Page-specific review note
What this exact clip is really saying
This FormBlends review is specific to "SS-31 and NAD+ for glowing skin: what the science says" from BPK Glow. We read the clip as a Peptide social video fact-checks claim about NAD+ Peptide Complex, then separate the useful signal from what a short social video cannot prove.
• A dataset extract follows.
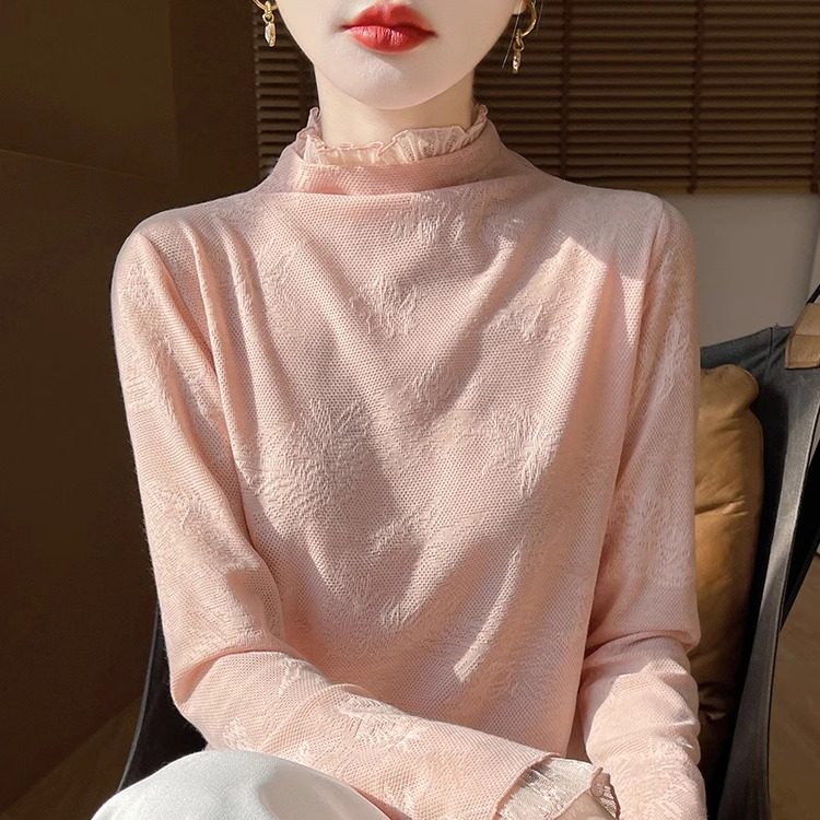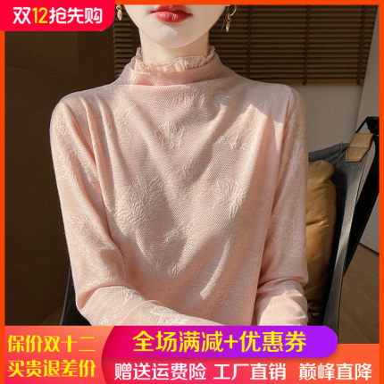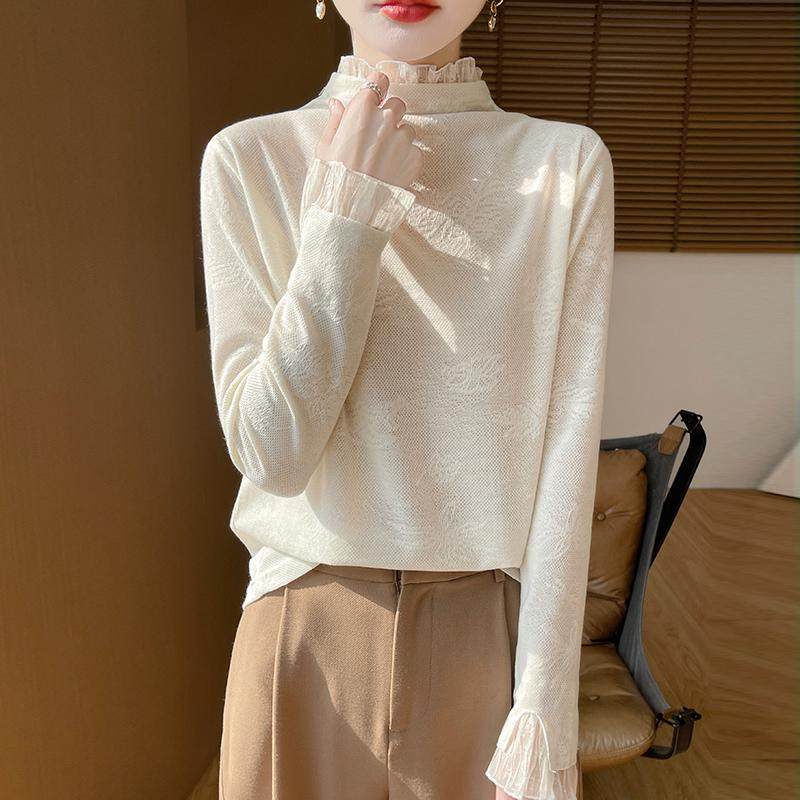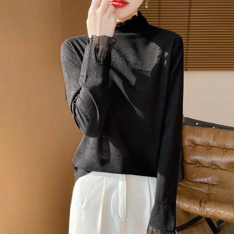 半高领蕾丝提花精纺羊毛衫女春秋薄款针织毛衣宽松气质打底衫上衣

The page-specific claim focus is: SS-31 (elamipretide) is an investigational mitochondria-targeting peptide with human trial data limited to cardiovascular and renal indications, with no peer-reviewed clinical trials examining skin outcomes.
The reason this review is not generic is the source wording and the canonical claim label "peptides natural glowing skin ss 31 before nad creatorsearchinsights." In this clip, the useful excerpt is: "Thanks for watching!" That wording changes the review because it points to NAD+ Peptide Complex safety, access, evidence, and fit, not a one-size-fits-all protocol.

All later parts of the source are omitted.